My own view of the PLs when they go down in number it is just a function of time. I dont know the history for the drops but I do find the drops are always too severe for myself. My FTP has been in a similar range for the last 4 years. I find VO2 workouts easier then any other workout. A few times I have just jumped back to stretch workouts for three workouts in a row just to get them back to where they make sense for me. I really dont know how smart the PLs are when they drop due to lack of doing a workout.
I just listened to the podcast from last week. @1:12:40, Nate talks about how the AT is informed by ML and engineers’ analysis. They never discuss that it is specifically applied to your PL or workout recommendation. It’s clear to me that AT is formulaic. This is a big difference.
I think AT is about as good as you can get without specifically applying an AI/ML model to PL setting and workout recommendation, but in my experience, AI FTP detection is a more accurate tool. I look forward to the day where ML models are doing more specific work.
Does anybody else have the experience where when they start a thread on this forum, the first responses are trying to find flaws and very definitively telling you that you’re wrong, rather than discussing the the point of the post?

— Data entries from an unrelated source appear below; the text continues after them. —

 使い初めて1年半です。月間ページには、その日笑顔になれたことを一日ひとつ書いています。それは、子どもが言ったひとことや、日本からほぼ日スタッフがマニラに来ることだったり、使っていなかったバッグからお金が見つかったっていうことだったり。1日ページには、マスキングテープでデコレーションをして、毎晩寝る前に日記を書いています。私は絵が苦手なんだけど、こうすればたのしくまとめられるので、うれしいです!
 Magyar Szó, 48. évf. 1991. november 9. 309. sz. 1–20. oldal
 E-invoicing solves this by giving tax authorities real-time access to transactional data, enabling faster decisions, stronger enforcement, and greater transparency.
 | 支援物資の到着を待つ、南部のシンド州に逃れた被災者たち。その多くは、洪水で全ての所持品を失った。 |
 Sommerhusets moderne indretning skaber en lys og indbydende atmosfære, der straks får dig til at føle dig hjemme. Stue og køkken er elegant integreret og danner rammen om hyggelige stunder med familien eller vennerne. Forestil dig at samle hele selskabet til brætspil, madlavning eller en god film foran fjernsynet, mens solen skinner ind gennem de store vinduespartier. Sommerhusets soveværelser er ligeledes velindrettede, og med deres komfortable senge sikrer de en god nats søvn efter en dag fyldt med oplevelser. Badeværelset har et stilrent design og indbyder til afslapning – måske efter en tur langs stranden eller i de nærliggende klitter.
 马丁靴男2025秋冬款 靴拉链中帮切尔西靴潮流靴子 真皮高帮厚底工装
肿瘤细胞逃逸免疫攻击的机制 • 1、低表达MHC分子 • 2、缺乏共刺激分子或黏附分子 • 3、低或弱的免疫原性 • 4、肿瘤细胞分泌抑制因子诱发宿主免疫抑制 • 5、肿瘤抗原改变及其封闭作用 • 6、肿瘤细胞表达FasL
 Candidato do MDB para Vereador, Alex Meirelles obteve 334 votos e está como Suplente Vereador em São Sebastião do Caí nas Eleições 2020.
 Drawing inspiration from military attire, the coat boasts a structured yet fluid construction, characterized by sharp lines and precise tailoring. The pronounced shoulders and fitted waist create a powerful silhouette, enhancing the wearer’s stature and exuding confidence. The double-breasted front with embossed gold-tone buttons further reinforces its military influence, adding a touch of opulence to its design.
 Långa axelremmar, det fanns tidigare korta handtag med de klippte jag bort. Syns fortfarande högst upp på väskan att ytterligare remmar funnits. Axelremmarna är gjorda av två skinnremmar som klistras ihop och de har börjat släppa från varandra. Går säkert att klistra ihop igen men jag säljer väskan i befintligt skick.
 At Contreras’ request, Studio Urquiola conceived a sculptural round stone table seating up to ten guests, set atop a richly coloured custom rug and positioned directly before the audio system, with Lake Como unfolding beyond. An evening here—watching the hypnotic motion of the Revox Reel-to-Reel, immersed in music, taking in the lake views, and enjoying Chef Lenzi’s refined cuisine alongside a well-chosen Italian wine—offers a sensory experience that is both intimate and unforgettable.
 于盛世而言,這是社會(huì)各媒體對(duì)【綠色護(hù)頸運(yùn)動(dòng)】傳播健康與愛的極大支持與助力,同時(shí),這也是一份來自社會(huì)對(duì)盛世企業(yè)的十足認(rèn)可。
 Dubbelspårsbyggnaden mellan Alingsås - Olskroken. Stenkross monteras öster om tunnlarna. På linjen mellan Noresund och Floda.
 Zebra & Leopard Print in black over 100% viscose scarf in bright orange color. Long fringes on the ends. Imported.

Maybe it’s just a forum thing. I don’t participate in any outside of TR.
It’s a TrainerRoad forum. Many people’s first impulse is going to be to defend TR. It’s no different on any other forum. If you go to a Ford forum and say, “Fords aren’t good”, you’re going to get negative replies. I’m not trying to defend it, and i wish it didn’t happen, but t’s just human nature. Go on a Classic Rock page and say “Led Zeppelin sucks” and you’ll get the same.